Could you return every record below word for word, leaving out the pictures?

○ ○ ○ ○

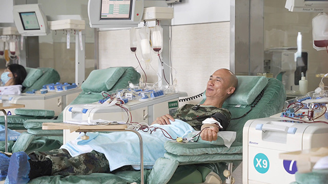 常州货车司机刘永振在志愿献血。受访者供图
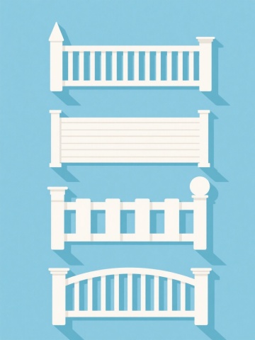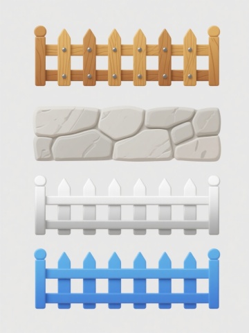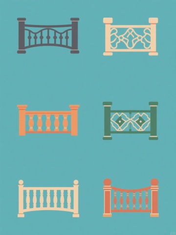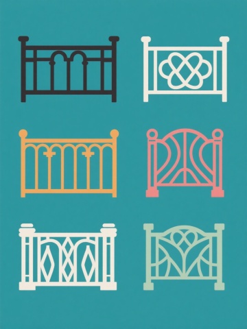 一组四个完全不同样式的栏杆系列素材集合,规整垂直排布在纯色背景上,每个栏杆均保持栏杆的核心结构特征,包括立柱、横杆和栏板基本组成部分,但造型各异:第一个为简约现代风格,采用水平细横杆与方形立柱组合,整体呈优雅的天蓝色;第二个是中式传统风格,栏板带有回字纹镂空雕花,搭配红色立柱,展现古典韵味;第三个为欧式田园风格,顶部有弧形装饰和小型柱头,整体呈温暖的米黄色;第四个是工业风风格,采用粗重的黑色方管交叉焊接形成网格状栏板,具有强烈的金属质感。所有栏杆均为正面平视角度,边缘清晰,无阴影,色彩鲜明且各自统一,适合作为设计素材使用。
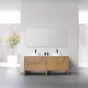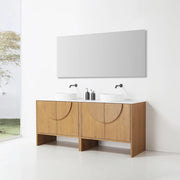 Celle 4 Doors Bathroom Vanity with Solid Surface Top and Vessel Sink - Floor Mount - 72" Wood/Pecan Oak
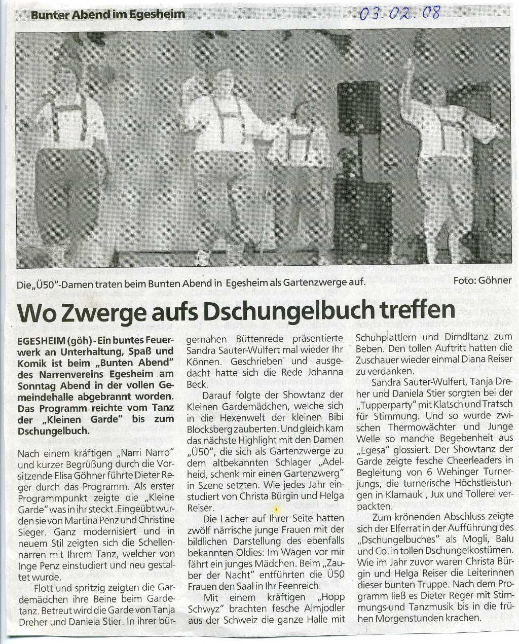 Zeitungsartikel vom 03.02.2008
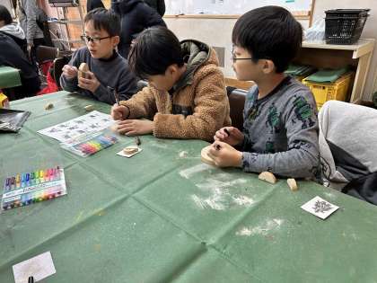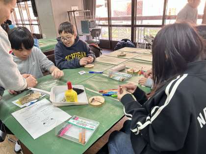 雪で地面や遊具が濡れていますので、ウッド写真立てを作成しています。

○ ○ ○ ○

Response for this exercise -
 常州货车司机刘永振在志愿献血。受访者供图
 一组四个完全不同样式的栏杆系列素材集合,规整垂直排布在纯色背景上,每个栏杆均保持栏杆的核心结构特征,包括立柱、横杆和栏板基本组成部分,但造型各异:第一个为简约现代风格,采用水平细横杆与方形立柱组合,整体呈优雅的天蓝色;第二个是中式传统风格,栏板带有回字纹镂空雕花,搭配红色立柱,展现古典韵味;第三个为欧式田园风格,顶部有弧形装饰和小型柱头,整体呈温暖的米黄色;第四个是工业风风格,采用粗重的黑色方管交叉焊接形成网格状栏板,具有强烈的金属质感。所有栏杆均为正面平视角度,边缘清晰,无阴影,色彩鲜明且各自统一,适合作为设计素材使用。
 Celle 4 Doors Bathroom Vanity with Solid Surface Top and Vessel Sink - Floor Mount - 72" Wood/Pecan Oak
 Zeitungsartikel vom 03.02.2008
 雪で地面や遊具が濡れていますので、ウッド写真立てを作成しています。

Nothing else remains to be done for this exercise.